学校中のスピーカーから、耳を刺すような雑音が響いた。
『よい子のみなさん』
酷く割れた声が聞こえた。
『暗くなる前に』
校門が、沈んで消えた。全てが歪んでいく。
『おうちへ』
フェンスも、道路も、山も消えていく。
『帰りましょう』
気付けば二人は、無数の廊下が交差する校舎の中に立っていた。
どの廊下も同じ形をしている。
同じ扉。
同じ窓。
同じ靴箱。
そのすべてが、別々の方角へ延びていた。
窓には場違いに穏やかな夕陽が映り込んでいる。
陽向が息を呑む。
「こ、これは……」
只事ではない。
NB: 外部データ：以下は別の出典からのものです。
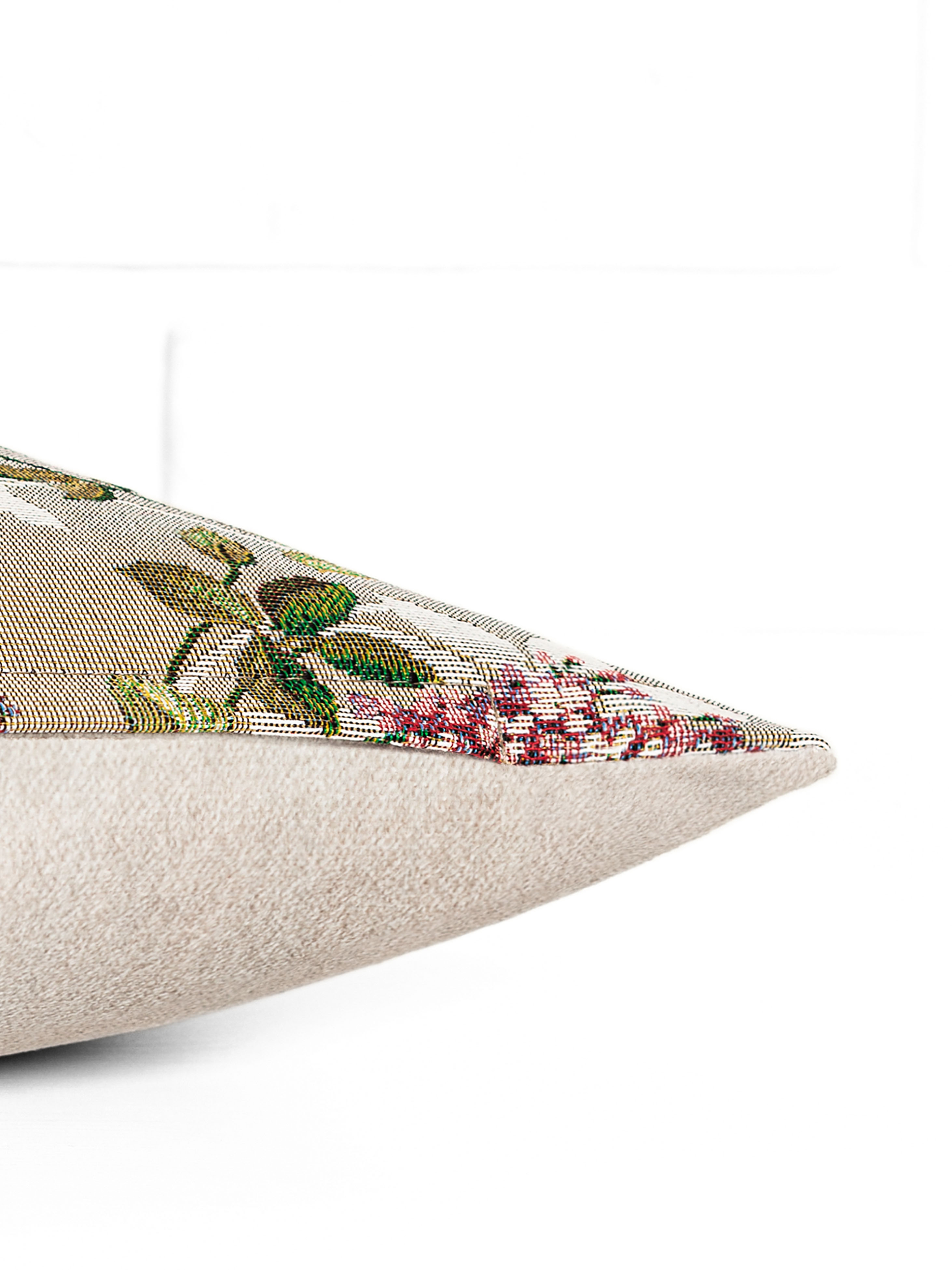 Рисунок создается переплетением нитей различных цветов и фактуры. Состав ткани: хлопок ( дающий фактуру и приятную тактильность ) и синтетические нити ( придающие износостойкость ). Плотность гобелена 410 г на кв.метр.
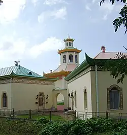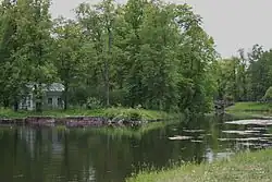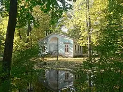 Le pavillon, ou petite maison[3], des enfants se trouve sur un îlot près du palais Alexandre. Il a été construit en 1830 pour les enfants de Nicolas Ier par l'architecte Alexeï Gornostaïev. Il y avait un salon sur toute la largeur et quatre petites chambres[4], et à côté du pavillon, une cuisine construite en bois. Un buste en marbre de l'ancien précepteur de Nicolas Ier, Karl Merder[5], se trouvait devant la petite maison, et à droite un buste en marbre[6] du poète Joukovski qui prit part à l'éducation des enfants impériaux, pour les leçons de littérature et de russe[7]. Les chiens préférés de l'empereur étaient enterrés derrière le pavillon.

それだけは分かる。
「はーーーー」
「溜息、デカいですね……」
初は上着の内ポケットから眼鏡拭きを取り出し、レンズを拭いた。
「日が暮れる前に終わらせるぞ」
「急に真面目ですね」
「暗くなったら、もっと帰れなくなりそうだろ」
「最初から真面目にやってください!」
陽向の声が、無数の廊下へ反響する。
その直後、遠くから誰かの叫び声が聞こえた。
「助けてくれ!」
成人男性の声だった。
続いて、別の方向から女の泣き声。
さらにその奥から、子供の笑い声が重なる。
行方不明者たちは、まだこの空間のどこかにいる。
初は耳を澄ませた。
「コンパス」
「草谷です」
「町の入口は」
陽向は目を閉じる。
すぐに目を開き、困惑した表情を浮かべた。
「ぜ、全部です」
「は?」
「どの道も、町の入口の方角へ続いています」
初は目の前に広がる無数の廊下を見渡した。
どれも出口へつながっている。
そしておそらく、どれも違う『帰る場所』へつながっている。
「なるほど」
「分かったんですか?」
「面倒なことになったってことだけは」
「それは僕にも分かります」
初は深く息を吐き、看板があったはずの方向へ顔を向けた。
「まず、迷子を全員見付ける」
「はい」
「次に、あの看板と話をする」
「対話できるんでしょうか」
「まあ、できなきゃ、できるようにする」
神格を調べ、異能のルールを見極める。
必要ならば対話し、人間社会と共存できる形を探す。
それが神格鑑定士の仕事だった。
初は面倒そうに頭を掻く。
「やっぱり、来なきゃよかった」
「今さらですか」
「今からでも帰りたい……」
その言葉に反応するように、正面の廊下が大きく歪んだ。
「あっ」
突き当たりに、初の自宅の玄関が現れる。
初は迷わずそちらへ歩き出した。
「夜鷹さん!」
「俺の家だ」
「分かってます! 戻ってください! どう考えてもそれは罠です!」
「でも、俺の家だ。帰りたい」
「仕事! してください!」
陽向は初の上着をつかみ、全力で引き戻した。